Whether you think Frau Doktor Merkel has feelings or not, the assumption of the Spiegel piece overall is that she is still in the European driving seat, which of course isn’t true at all….as recent events have shown. Mario Draghi stuck two fingers up her nose on the bond-buying bonanza, and the Greek prime minister Antonis Samaras has failed to deliver the approval of his two coalition partners for the €11.5bn of cuts – both of whom think the Germans will negotiate in the end.
What’s more, the Karlsruhe Court is stalling on the ESM decision, and the troika has not accepted that the measures being proposed by the Athens coalition will cut the mustard.
So while Slog de Big’ead is very happy to be proved right, Spiegel is – for my money – vastly overestimating the degree to which Geli is still The Supreme Being.
And so it goes on. George Soros today piped up (as George always does when minded to directionalise something) and told Berlin it was “time to lead or to leave”. You read it here last May: Germany will leave the eurozone before Greece does.
http://ftalphaville.ft.com/blog/2012/09/11/1154081/no-delay-from-karlsruhe/
No delay from Karlsruhe
From Reuters earlier on Tuesday:
Germany’s constitutional court said on Tuesday it would not postpone its long-awaited ruling on the legality of the euro zone’s bailout fund despite a new legal challenge by a eurosceptic lawmaker.Germany’s constitutional court holds the fate of the euro in its hands when it rules on Wednesday whether the European Stability Mechanism (ESM) can go ahead, after already holding it up for several months.

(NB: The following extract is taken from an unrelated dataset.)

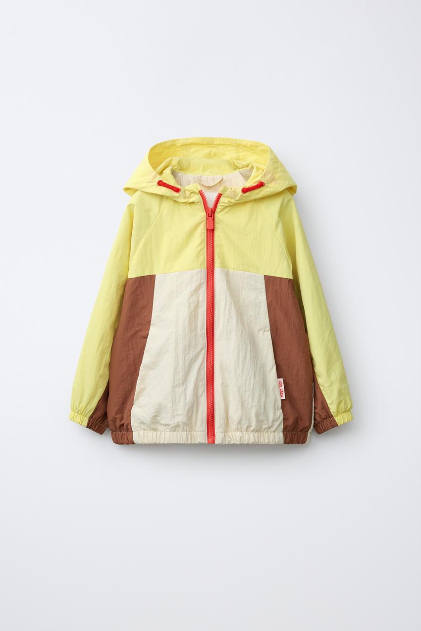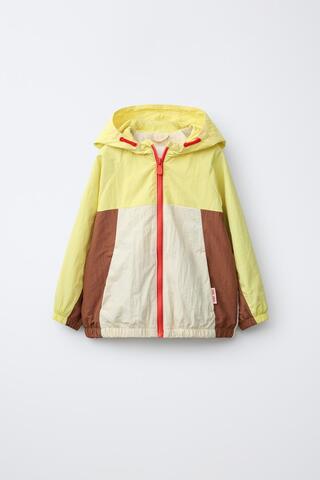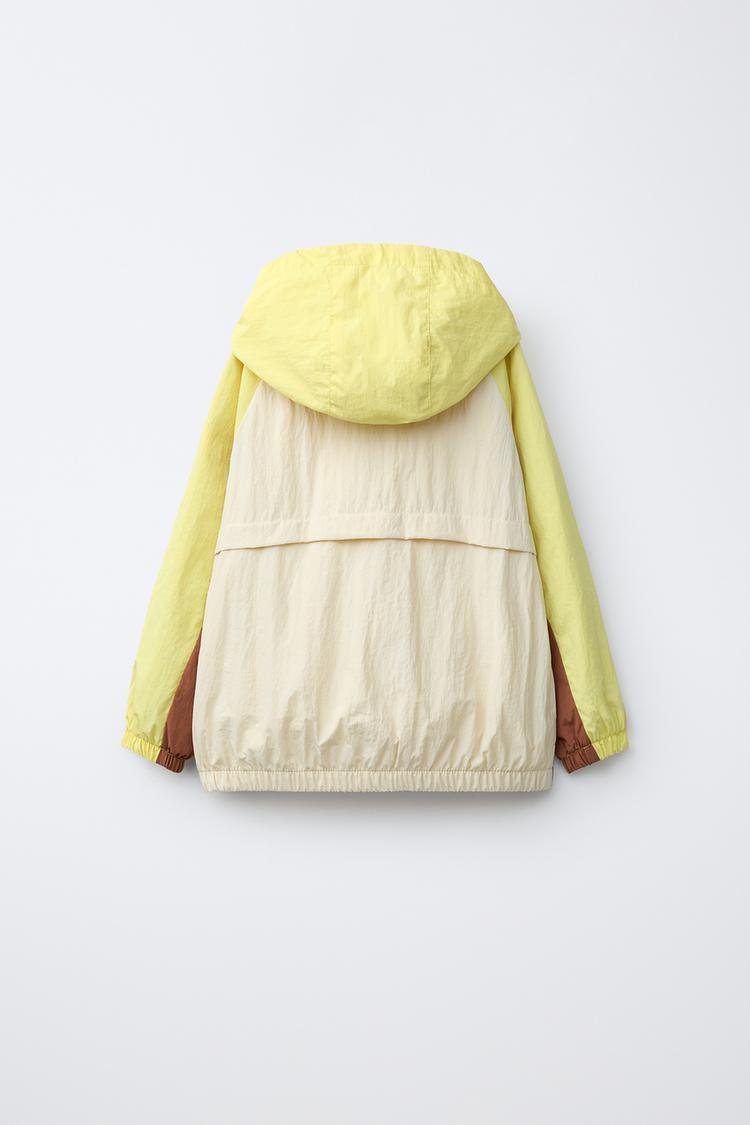ZARA ЛЕГКИЙ ДОЖДЕВИК В СТИЛЕ КОЛОР-БЛОК, ЭКРЮ/ЖЕЛТЫЙ

Eurointelligence have put together a press wrap ahead of the actual decision, including a consensus that the much favoured ‘Yes-But’ option is a lot trickier than is generally assumed:
Suddeutsche Zeitung writes that the otherwise much favoured option of a Yes-But is tricky because there is not much the Constitutional Court can demand that the German government has not already conceded. The German government has already strengthened the rights of parliament. What it could, the paper writes, is insist on an exit clause for the fiscal pact. While Germany’s own constitutional debt brake is reversible, that is not currently the case with the fiscal pact. However, the Germans believe that the credibility of the ESM would be greatly weakened if countries can simply opt of the fiscal pact, so the Court would hardly strengthen the German position if it insisted on an exit clause, as some of the plaintiffs had demanded. The paper also made the point that this would be a devastating defeat for Merkel.

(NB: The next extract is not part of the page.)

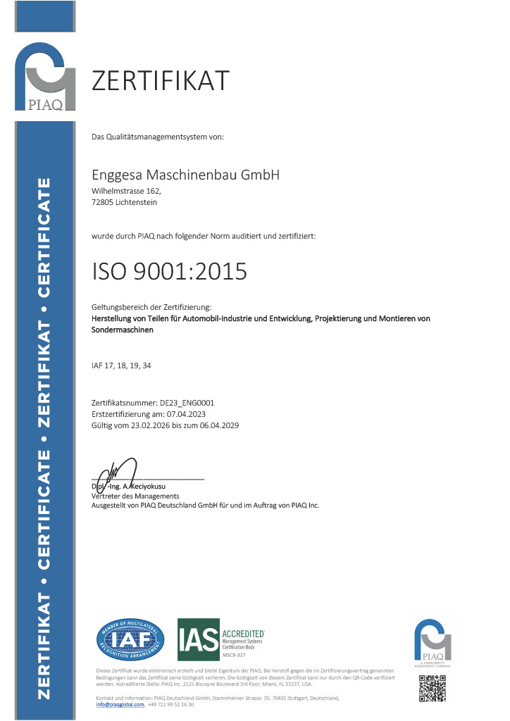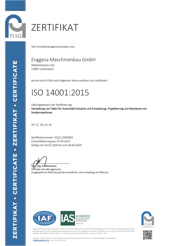 Zertifizierung Seit April 2023 ist das Qualitätsmanagementsystem der ENGGESA Maschinenbau GmbH nach den internationalen Normen ISO 9001 und ISO 14001 zertifiziert. Hier finden Sie die geltenden Zertifikate zum Download (PDF).

Frankfurter Allgemeine writes that hardly anybody believes the court will block the fiscal pact and the ESM, or demand a re-negotiation because the court always emphasised the need for a room for manoeuvre by elected politicians and because the pre-amble of Germany’s constitution has a pro-European bias. The article said that it is hardly possible to give the Bundestag even more competences. The members are already weighed down by the workload. What is imaginable is the setting of a maximum liability. (This would cast in stone that Germany cannot conceivably rescue Italy, or Spain beyond an initial limited programme.)In another article Suddeutsche writes that Mario Draghi’s OMT can proceed even if the court votes No, because it initially relies on the EFSF. The ESM is ultimately bigger, but the EFSF is allowed to undertake primary market purchases – a condition for the activation of the OMT. If the court votes No, the ECB would ultimately end up with a higher risk.
But shouldn’t everyone just chill anyway? There’s “a good feeling” about this one…
Until tomorrow then.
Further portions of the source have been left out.